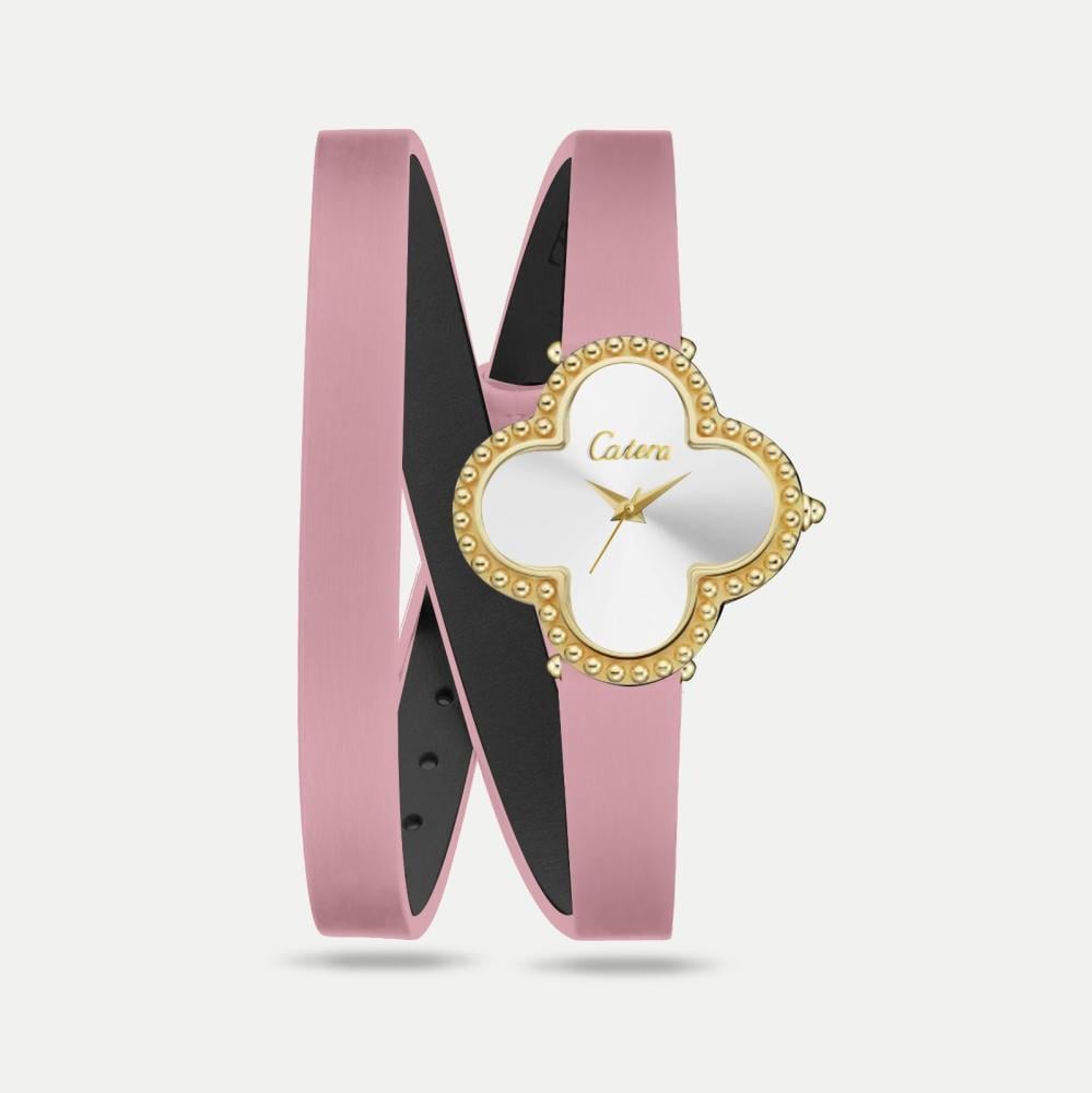 اختاري الأناقة والجودة مع ساعات نسائيه فخمه ماركه كاتيرا. هذه الساعة المميزة تجمع بين التصميم الفاخر والإحساس الراقي، بسير جلد وردي وإطار ذهبي يضيفان لمسة ساحرة لأي إطلالة.
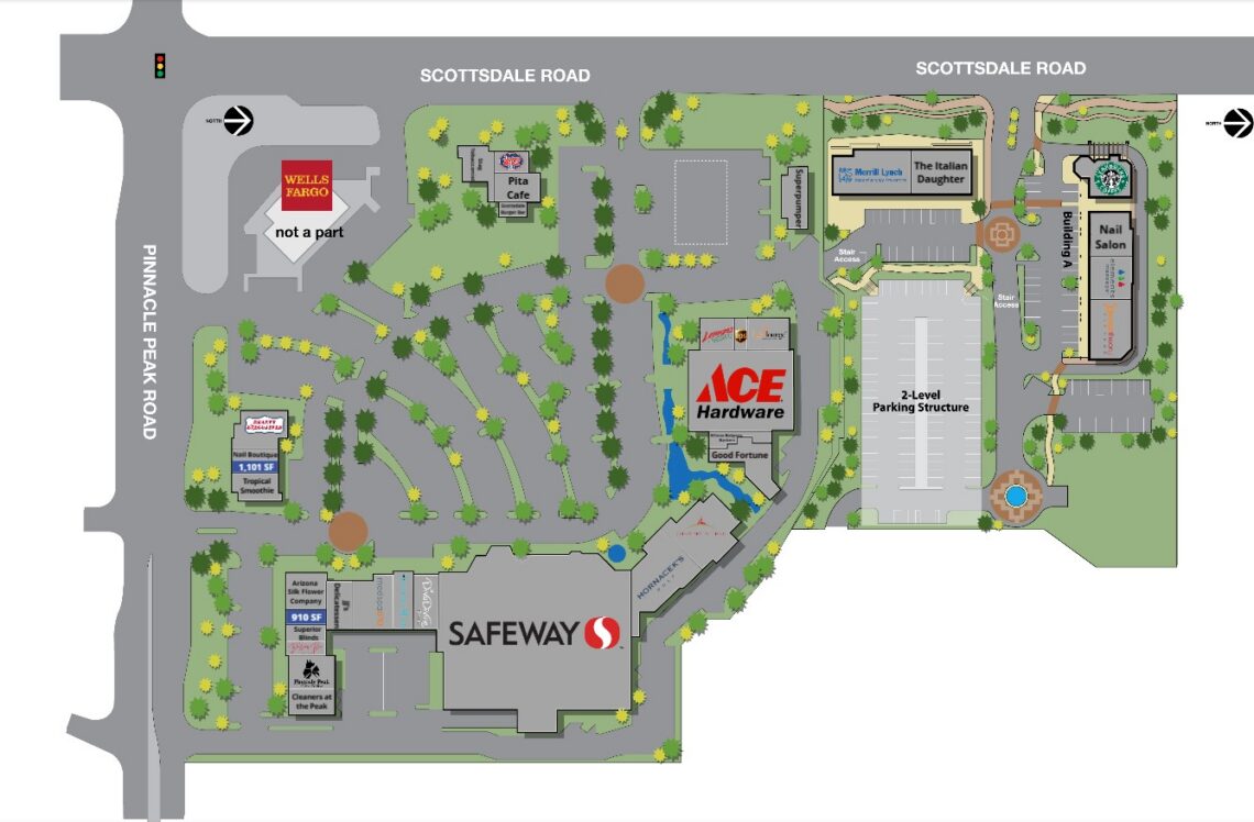 Discover an exceptional leasing opportunity at The Pinnacle of Scottsdale, a premier destination supporting the community with a diverse mix of tenants and services. Anchored by esteemed brands like Safeway, Ace Hardware, Starbucks, Hornacek’s House of Golf, Jalapeno Inferno, Italian Daughter, and Orange Theory. The Pinnacle of Scottsdale provides a vibrant environment for businesses to thrive.
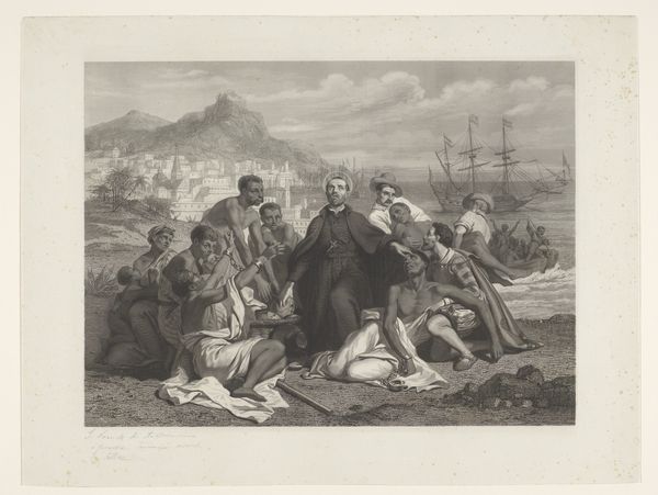 Curator: So much swirling energy here! At first glance, I feel a frenetic chaos, but maybe even tinged with Romantic heroism? Editor: Precisely. Here we have "Franse soldaten in gevecht met de vijand," or "French Soldiers in Combat with the Enemy," created between 1828 and 1829, courtesy of Auguste Raffet. Notice the dynamism he coaxes from the graphite. Curator: That flurry of strokes…almost overwhelming. The tight compression of figures near the foreground seems strategically posed to catapult my eyes into a background filled with almost indistinct shadowy violence. Are those even people back there? More like a churning dust cloud spitting out bayonets! Editor: Note the artist's effective use of line, characteristic of Romanticism. While he captures an active scene, the lines are remarkably controlled. A mass of men moves as one organic thing, their identities almost swallowed up by "History" itself! Curator: It’s an organized chaos, which strikes me as a key aspect of the work. The lines and composition, while turbulent, still impose an order upon this maelstrom, so it's not just raw unbridled emotion. Editor: Quite. There is a discernible foreground, middle ground, and background. Observe how the formal choices affect the piece's message. Also, let us not dismiss the medium: it's a drawing and print. Curator: It's like Raffet is reminding us that even in the heat of battle, certain structures are not easily demolished—discipline, hierarchies. But still...I feel a definite pull. A desire to know more, understand better what these figures were struggling for—a real testament to the drawing's narrative power. Editor: Indeed. His formal rendering transmits so much history and humanity in the throes of... events. Curator: Definitely. It has something very immediate, in terms of the emotional conveyance of it. Editor: Yes, that feeling when lines meet, a battle joins. A powerful reminder from history.

· · ·

• YOUR INSTRUCTIONS
Output each of the lines above exactly, apart from the images.

• RESPONSE TO THE EXERCISE
 اختاري الأناقة والجودة مع ساعات نسائيه فخمه ماركه كاتيرا. هذه الساعة المميزة تجمع بين التصميم الفاخر والإحساس الراقي، بسير جلد وردي وإطار ذهبي يضيفان لمسة ساحرة لأي إطلالة.
 Discover an exceptional leasing opportunity at The Pinnacle of Scottsdale, a premier destination supporting the community with a diverse mix of tenants and services. Anchored by esteemed brands like Safeway, Ace Hardware, Starbucks, Hornacek’s House of Golf, Jalapeno Inferno, Italian Daughter, and Orange Theory. The Pinnacle of Scottsdale provides a vibrant environment for businesses to thrive.
 Curator: So much swirling energy here! At first glance, I feel a frenetic chaos, but maybe even tinged with Romantic heroism? Editor: Precisely. Here we have "Franse soldaten in gevecht met de vijand," or "French Soldiers in Combat with the Enemy," created between 1828 and 1829, courtesy of Auguste Raffet. Notice the dynamism he coaxes from the graphite. Curator: That flurry of strokes…almost overwhelming. The tight compression of figures near the foreground seems strategically posed to catapult my eyes into a background filled with almost indistinct shadowy violence. Are those even people back there? More like a churning dust cloud spitting out bayonets! Editor: Note the artist's effective use of line, characteristic of Romanticism. While he captures an active scene, the lines are remarkably controlled. A mass of men moves as one organic thing, their identities almost swallowed up by "History" itself! Curator: It’s an organized chaos, which strikes me as a key aspect of the work. The lines and composition, while turbulent, still impose an order upon this maelstrom, so it's not just raw unbridled emotion. Editor: Quite. There is a discernible foreground, middle ground, and background. Observe how the formal choices affect the piece's message. Also, let us not dismiss the medium: it's a drawing and print. Curator: It's like Raffet is reminding us that even in the heat of battle, certain structures are not easily demolished—discipline, hierarchies. But still...I feel a definite pull. A desire to know more, understand better what these figures were struggling for—a real testament to the drawing's narrative power. Editor: Indeed. His formal rendering transmits so much history and humanity in the throes of... events. Curator: Definitely. It has something very immediate, in terms of the emotional conveyance of it. Editor: Yes, that feeling when lines meet, a battle joins. A powerful reminder from history.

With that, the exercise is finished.